Od kiedy na rynku pracy mocno brakuje młodych kierowców ciężarówek, w branży transportowej regularnie słyszy się o pomysłach ułatwienia dostępu do zawodu. Tymczasem Dania właśnie zwróciła się w odwrotną stronę, znosząc egzaminy z tłumaczami.
Dotychczas Duńczycy zezwalali, by teoretyczne oraz praktyczne egzaminy na prawo jazdy odbywały się z udziałem oficjalnych tłumaczy ustnych. Możliwość ta cieszyła się szczególnym zainteresowaniem wśród zagranicznych kandydatów na kierowców zawodowych, zdobywających kategorię C lub C+E. Teraz rząd postanowił jednak zakazać korzystania z tłumaczy, argumentując to obawami o nadużycia, a także potrzebą przyspieszenia integracji społeczeństwa.
Według nowych zasad, które zostaną wprowadzone 1 stycznia 2025 roku, duńskie egzaminy będą mogły odbywać się w jednym z pięciu języków: duńskim, farerskim (dla mieszkańców Wysp Owczych), grenlandzkim (dla mieszkańców Grenlandii), niemieckim (dla mieszkańców czterech gmin przy granicy z Niemcami), a także angielskim (dla obcokrajowców, którzy nie znają żadnego z czterech wymienionych języków). Będzie to dotyczyło zarówno egzaminów teoretycznych, jak i praktycznych, także w przypadku tych osób, które rozpoczęły kurs na naukę jazdy przed 1 stycznia.

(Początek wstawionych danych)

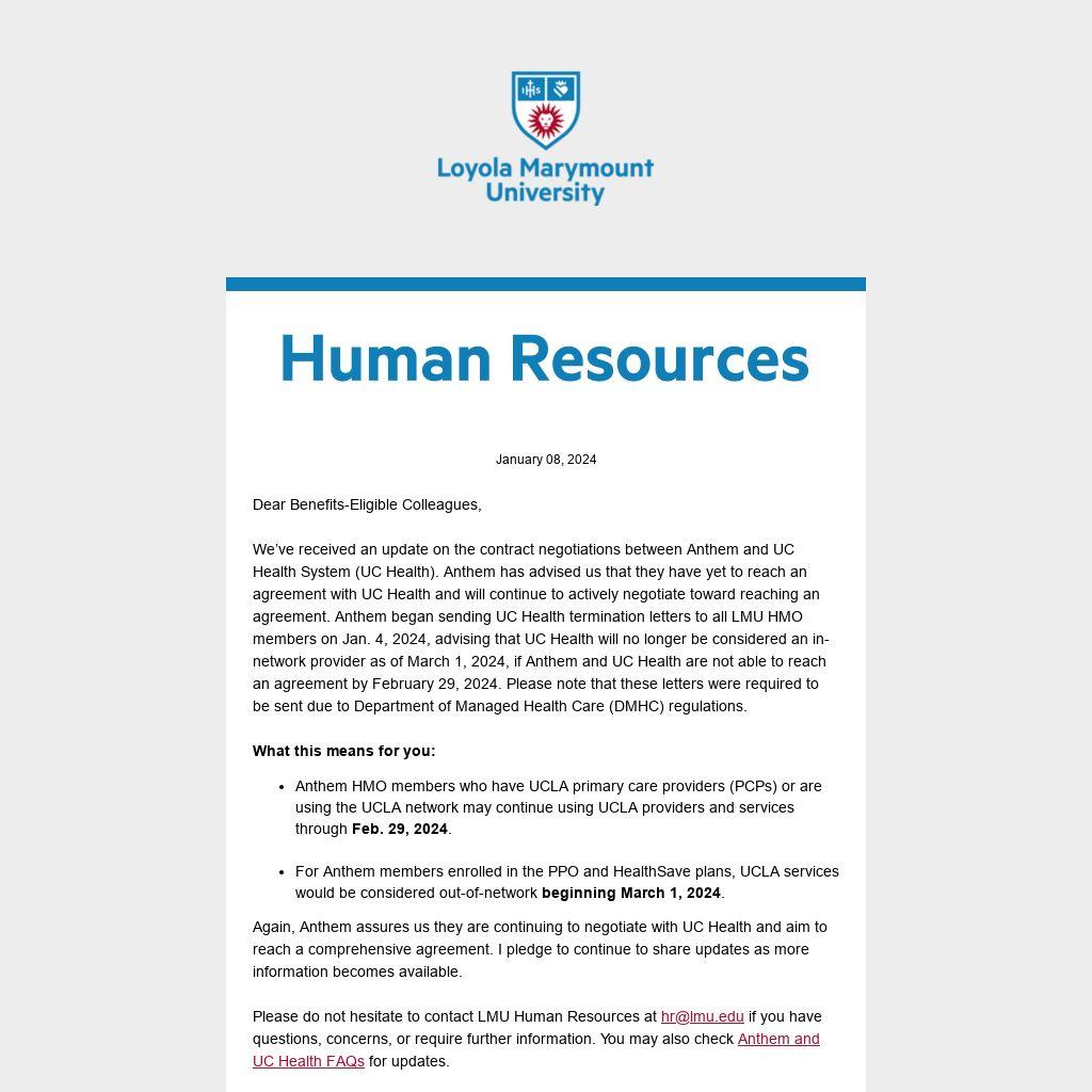 Recibimos una actualización sobre las negociaciones contractuales entre Anthem y UC Health System (UC Health). Anthem nos informó que aún no han llegado a un acuerdo con UC Health y continúuan rán negociando activamente para llegar a un acuerdo. Anthem comenzóó a enviar cartas de despido terminación de UC Health a todos los miembros de LMU HMO el 4 de enero de 2024, notificando informando que UC Health ya no será considerado un proveedor dentro de la red a partir del 1 de marzo de 2024, si en caso que Anthem y UC Health no son no pudimos lleguenar a un acuerdo antes del 29 de febrero de 2024. Tengan en cuenta que estas cartas debían enviarsefueron enviadas debido a las regulaciones del Departamento de Atención Médica Administrada (DMHC).

Szacuje się, że dotychczas nawet 20 procent duńskich egzaminów na prawo jazdy odbywało się z tłumaczami. Dlatego też duńskie stowarzyszenia firm transportowych apelują o zatrzymanie zmiany w przepisach, obawiając się odcięcia od napływu nowych kierowców ciężarówek, coraz częściej pochodzących na przykład z Ukrainy.